Ethiopia: Building a House of Prayer

It begins with gathering the people under a big tree. Before putting up a prayer house, one must establish a community. When there is a community, the whole village contributes. They cut some trees, they mix the clay, the priest brings some nails, some iron sheets, and altogether put up a prayer house.

By Magdalena Wolnik

Construction of Uganda Martyrs’ Chapel at Jimteha, Ethiopia. (Credit: Aid to the Church in Need)

“When you have a chapel, a prayer house in the middle of a village, Christ’s presence becomes real in that village. Because it is not simply a physical house but filled with the people who come to pray there” – explains Fr. Isaiah Sangwera, a Kenyan Comboni missionary working in Gublak, on the eastern border of Ethiopia.

But, what can be worse than to build a prayer house of wood and clay in an area full of termites?  After some time, the wooden pews, the altar and the wall structure begin to crack more and more, the wall bends and finally collapses. Snakes and scorpions, which are abundant in this area, easily slip through the holes in the walls. Which parent will send their child to catechesis in such a place?

Father Isaiah enters in one of these slanted and cracked chapels. A meter-high mound of termites swirls at the altar site. It was a work of just one night in one of the many houses of prayer here. To reach some of them Fr. Isaiah must travel for a half-a-day on foot. He has been working in this area for 8 years, creating a rather peculiar community with two other missionaries: Fr. John from Italy and Fr. Elvis from Peru. Fr. Isaiah says: "I feel very much at home among the Gumuz people, because their culture, their social life, their daily life very much resembles the place where I was born, and where I come from.”

Gumuz are kind of semi-nomads, not by the way they move from place to place, but by their way of life measured by the rhythm of seasonal hunting. For centuries they were slaves of the stronger and educated Amhara from the highlands. Fr. John Baccanelli, the most experienced missionary in the team, who has trained future Ethiopian priests for 30 years, says that the Gumuz have been marginalised and oppressed for many years.

Nevertheless, when reaching a new village the missionaries respectfully talk to the elders, then gather people under the tree, begin the telling of the story of Christ the Saviour, answer long-worn questions, and people ask them to come back. It happens so often and there are so few that they cannot keep up with all requests. This is how building a community begins.

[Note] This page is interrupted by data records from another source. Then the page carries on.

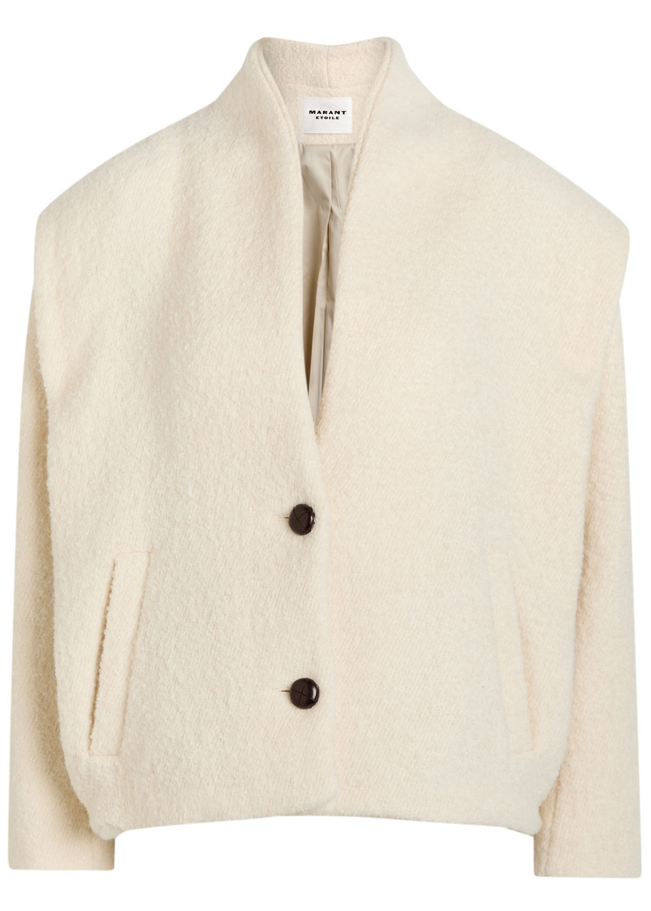 Info & Care Isabel Marant Etoile boucle;jacket Stand collar, overlay-effect pleat at shoulders, side slip pockets,;fully lined Button fastenings at front 31% acrylic, 27% polyester, 14% alpaca, 14% virgin wool, 8% wool, 6% other fibres; lining: 100% cotton Dry clean; Size & Fit Length shoulder to hem: 25 inches/ 63.5cm Midweight Relaxed fit, boxy;style Model is 5'9"/ 175cm and wears a size;FR36
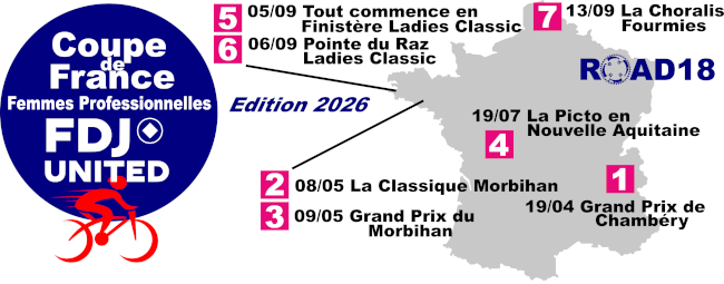 Le calendrier : 19/04 Grand Prix de Chambéry 1.1 08/05 La Classique Morbihan 1.1 09/05 Grand Prix du Morbihan 1.1 19/07 La Picto en Nouvelle Aquitaine 1.1 05/09 Tout commence en Finistère Ladies Classic 1.1 06/09 Pointe du Raz Ladies Classic 1.Pro 13/09 La Choralis Fourmies 1.Pro ![]() Coupe de France FP FDJ United 2026 | © Franck Sylvain FRUCH / ROAD18 A lire aussi : Le Down Under pour ouvrir Visma : le point La Laboral en couleurs Latest News 21/12 Febe Jooris promue![]() |
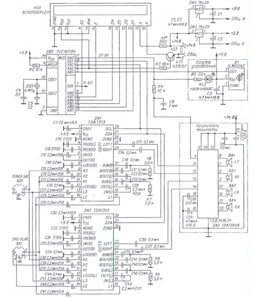 В этой конструкции управление осуществляется с пульта ДУ DVD плейера, используя кнопки управления телевизором (см. фото на рис. 1). От "старых добрых времен" у многих остались различные колонки и динамические головки, которые и выбросить жалко, и применить некуда. Популярные в свое время AC 35AC-01 или их модификации с успехом можно применить в качестве фронтальных. В этом случае сабвуфер становится ненужным, а в качестве центрального громкоговорителя с успехом можно использовать АС телевизора, тем более что ПДУ есть у всех современных телевизоров. Нелишне заметить, что качество дисков на рынке оставляет желать лучшего. Мне попадались диски формата 5.1 (особенно с переводом на русский язык), при воспроизведении которых звук центрального канала приходилось вообще выключать. При исключении центрального канала и сабвуфера (в настройках воспроизведения DVD) звуковая информация распределяется между фронтальными каналами. Известно, что из-за особенностей строения слухового аппарата человека локализация звуковых образов в стерео-панораме происходит в среднечастотном диапазоне. Поэтому в качестве тыловых можно использовать практически любые широкополосные динамические головки в акустическом оформлении. Замечено, что хотя оба источника звука (TV тюнер и DVD плейер) - цифровые с аналоговыми выходами, тембр у них все-таки разный, поэтому настройки тембра было решено сделать для каждого источника звука независимыми. В формате 5.1 номинальные уровни звука во фронтальных и тыловых каналах должны быть примерно одинаковыми. В формате же 2.0 тыловые каналы используются в качестве "подсветки", поэтому уровень в этих каналах должен быть понижен. Регулировки баланса также должны быть независимыми от режима работы. Во многих местностях, особенно в глубинке, качество электросети пока еще оставляет желать лучшего. Внезапное отключение и еще более внезапное включение света, перекос фаз, протекание потолка и т. п. происшествия наводят на мысль, что оставлять электроприборы постоянно включенными в сеть нецелесообразно. Хотя многие уже привыкли к тому, что подобные устройства постоянно готовы к употреблению, т. е. находятся в дежурном режиме. Поэтому было принято решение, помимо дежурного режима, иметь возможность полного отключения ДК от сети. А специально для забывчивых введен отключаемый таймер питания. Кроме того, при нахождении устройства в дежурном режиме свыше 5 мин при выключенном таймере на экран дисплея периодически выводится уведомление о том, что таймер выключен и, следовательно, устройство необходимо выключить принудительно. Управление ДК должно быть максимально простым, а индикация дисплея - информативной и интуитивно понятной. Поэтому решено оперативно управлять переключением рабочего и дежурного режимов, регулировкой общей громкости, выбором источника звука и его режимом. Остальные регулировки можно вызывать через меню. Детали должны быть доступны и дешевы; наконец, самодельная конструкция - это всегда собственный выбор и предпочтения, что немалого стоит для радиолюбителя. Все это реализовано в предлагаемой конструкции. Схема устройства Принципиальная схема устройства показана на рис. 2. Включение всех микросхем и модулей - типовое, рекомендованное производителями. Микросхема четырехканального УМЗЧ TDA7384 с максимальной кратков
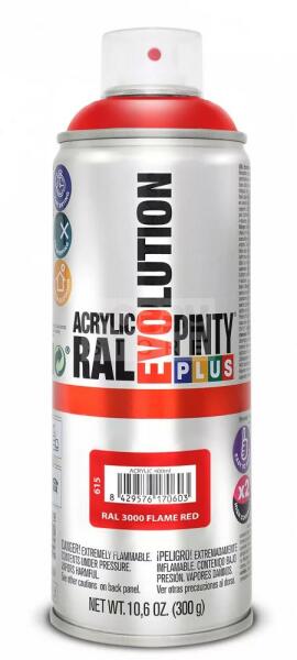 PINTYPLUS EVO AKRIL SPRAY RAL3000 - LÁNGVÖRÖS (FLAME RED) 400ML PP615 Az PintyPlus Evolution sorozat kiváló minőségű, magas pigmenttartalommal rendelkező, ultra gyorsan száradó, oldószeres akril festék spray család. A palettán 70 különböző szín, 3 lakk, 6 metál spray és 5 fluoreszkáló spray található. Univerzálisan használható, szinte bármilyen felületen. Magas pigme
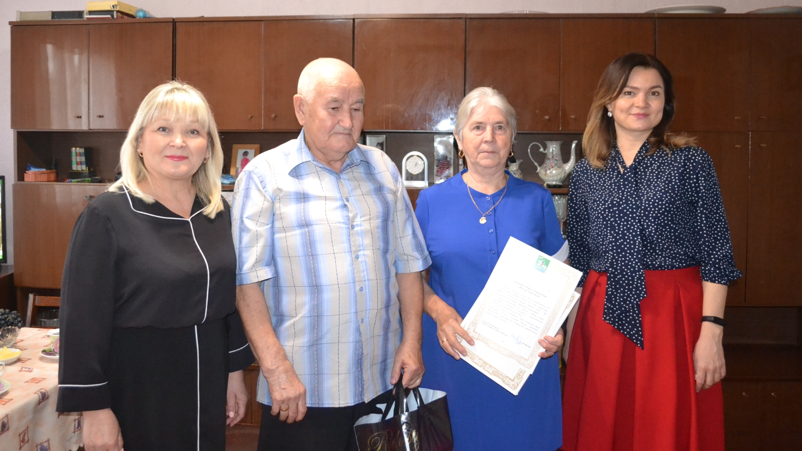 Работники отдела ЗАГС поздравили семью Усмановых с Днем пожилых людей и вручили Благодарственное письмо от имени Главы Агрызского муниципального района РТ Валеева А.Р. и памятный подарок.
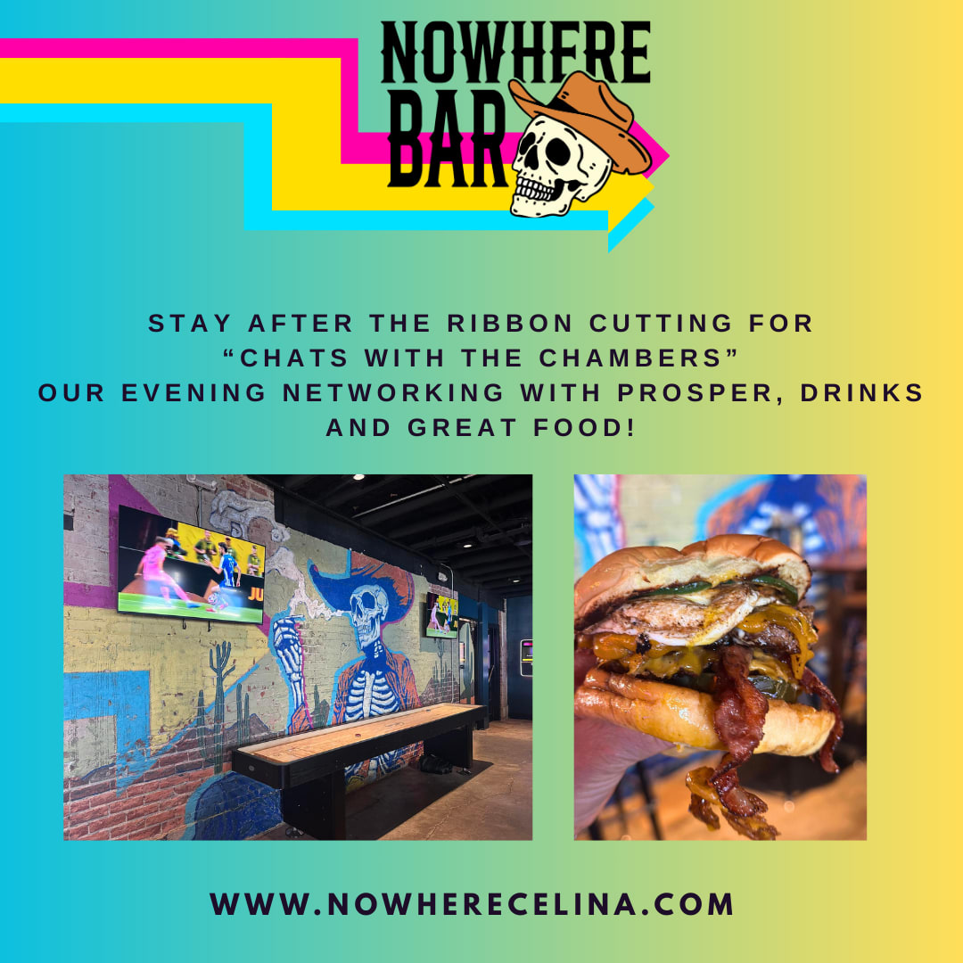 Join us for a fun evening with light bites and social networking.This is our quarterly event with the Prosper Chamber. We will also be cutting a ribbon for the new Nowhere Bar! https://www.nowherecelina.com/
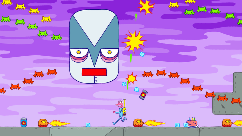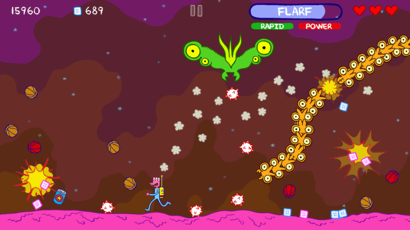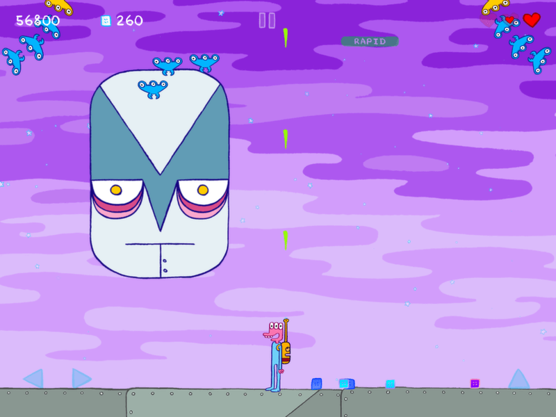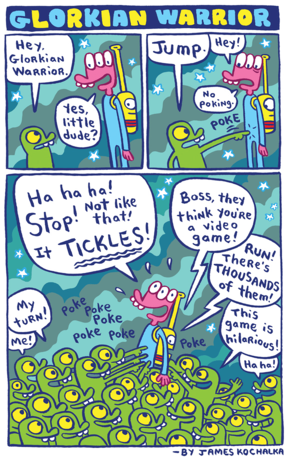 Glorkian Warrior: The Trials of Glork is a collaboration between acclaimed comic book artist James Kochalka and indie game studio Pixeljam. It’s a unique hybrid of Galaga-style shoot ‘em up, simple platforming action and Saturday morning cartoon. Help Glorkian Warrior defend his asteroid against an endless onslaught of alien invaders, and be prepared for somewhat unexpected results…

Although 45 per cent of Ethiopians are followers of the ancient Tewahedo non-Chalcedonian Orthodox Church, they are quickly chased by Muslims, today 35 per cent of the population, and Pentecostal communities, which account for over 20 per cent of Ethiopia's population. Catholics constitute only one per cent of the Ethiopians but are one of the very few present among the centuries-despised Gumuz.

When a termite-eaten chapel collapses, is it a sign that the community is also breaking down? Not when it can count on the solidarity of the Church crossing the boundaries of ethnic groups, countries and cultures. Father Isaiah has just sent ACN the photos of the new, stable chapel, packed to the brim with people. He adds a message: “With the help of Aid to the Church in Need we put up this new house of God where people can meet and worship. Anyone coming here knows that God’s presence is in this place. May Almighty God keep blessing you and your families. Thank you!”